A defesa do autor do livro pretendia que este tratada do revisionismo histórico, no campo de um debate intelectual, e, no tocante à questão judaica, do combate ao sionismo (mas não ao povo judeu e sua religião). Dizer, no entanto, que isso é prática de quem professa uma ideologia interpretativa, mas não de racismo, é afirmação que não se apercebe da diferença entre ciência e retórica. Para a ciência, que respeita a verdade factual, pode-se, legitimamente, arguir imparcialmente e, por consequência, neutralidade. Já, para retórica, conta o dito popular “o que vale não é o fato, mas a versão do fato”. Quem assim “pesquisa "e interpreta sujeita-se, porém, à perversão discriminatória e até a efeito racista de suas conclusões.
Nesse termos, é até possível sustentar a opinião de que o povo da Alemanha nazista, ao final da guerra, tenha sofrido intensamente uma represaria desnecessária, pois já estavam impotentes. Mas não dá para ocultar, como fazem muitos revisionistas, que a propaganda nazista, até o último momento, sustentou que não haveria rendição em hipótese nenhuma.
Contudo dizer que quem sofreu o sistemático processo de dizimação humana foi o povo alemão, e não a massa de milhões de judeus, de 240 mil ciganos, de homossexuais, de deficientes físicos e mentais, de operários comunistas, de opositores religiosos é transformar o Holocausto em versão “legítima” da história. Mas dizer que essa versão é exercício científico, destituído da intenção de entorpecer a razão, é entrar no próprio jogo do nazismo.
Pode-se pesquisar em vão nos anais dos diários oficiais da época ordens do Führer sobre o holocausto. Em contraposição, havia leis de fachada, mas os verdadeiros decretos que continham a vontade do Führer em relação ao genocídio eram secretos. Assim, enquanto Hans Frank, governador oficial da Polônia indicado pelo partido, discutia em 1941 a possibilidade de se livrar dos judeus dos territórios sob seu comando, os SS já estavam assassinando sistematicamente os judeus que lá viviam.

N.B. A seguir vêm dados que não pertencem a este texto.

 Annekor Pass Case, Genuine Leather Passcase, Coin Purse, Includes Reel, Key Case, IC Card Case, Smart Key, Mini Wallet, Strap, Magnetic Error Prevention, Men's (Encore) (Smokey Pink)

Já no final da guerra, quando o ideólogo do partido Rosenberg discursava abertamente acerca do restabelecimento de alguns estados da Europa Oriental que haviam desaparecido sob o jugo nazista, Himmler e sua polícia secreta estavam tramando uma segunda fase do Holocausto para abranger toda a população eslava remanescente. O Estado tinha uma fachada para fins externos, mas o núcleo do poder era a polícia secreta.
Em se tratando de pesquisa histórica séria acerca do Holocausto, há ainda muito campo para o debate intelectual, como ocorre na República Federal da Alemanha, desde a década de 70, por exemplo, nos trabalhos de historiadores como Martin Broszat e Hans Mommsen, em que são apresentadas diferentes interpretações do holocausto. Mas isso não leva nenhum deles a negar o fato do extermínio dos judeus, ciganos, homossexuais etc.
Enfim, quem faz ciência sujeita-se ao julgamento da verdade e do erro. Mas quem faz retórica não pode eximir-se da responsabilidade por suas intenções e mesmo das consequências até criminosas de suas opiniões. De outro modo não existiria a calúnia, a injúria e a difamação. Ou, como já havia sentenciado na Alemanha sua Suprema Corte (caso Auschwitzlúge, 1994), dizer que "no Terceiro Reich não teria havido a perseguição aos judeus é uma afirmação fálica que, segundo incontáveis relatos de testemunhas oculares, confirmações em inúmeros juízos criminais e o conhecimento da ciência histórica, é comprovadamente falsa. Em si, uma afirmação com esse conteúdo não goza, portanto, da proteção à liberdade de opinião”. Em consequência, a corte alemã condena afirmações “históricas” desse gênero, por serem uma séria infração constitucional que conecta a negação, no Terceiro Reich, do extermínio judaico por motivos racistas com uma agressão à dignidade do sobrevivente povo judeu.
Não foi outro o teor da importante decisão da Suprema Corte brasileira ao ponderar, afinal, sobre os limites da liberdade de opinião.
Fonte: FOLHA DE SÃO PAULO TENDÊNCIAS/DEBATES – 19.09.2003.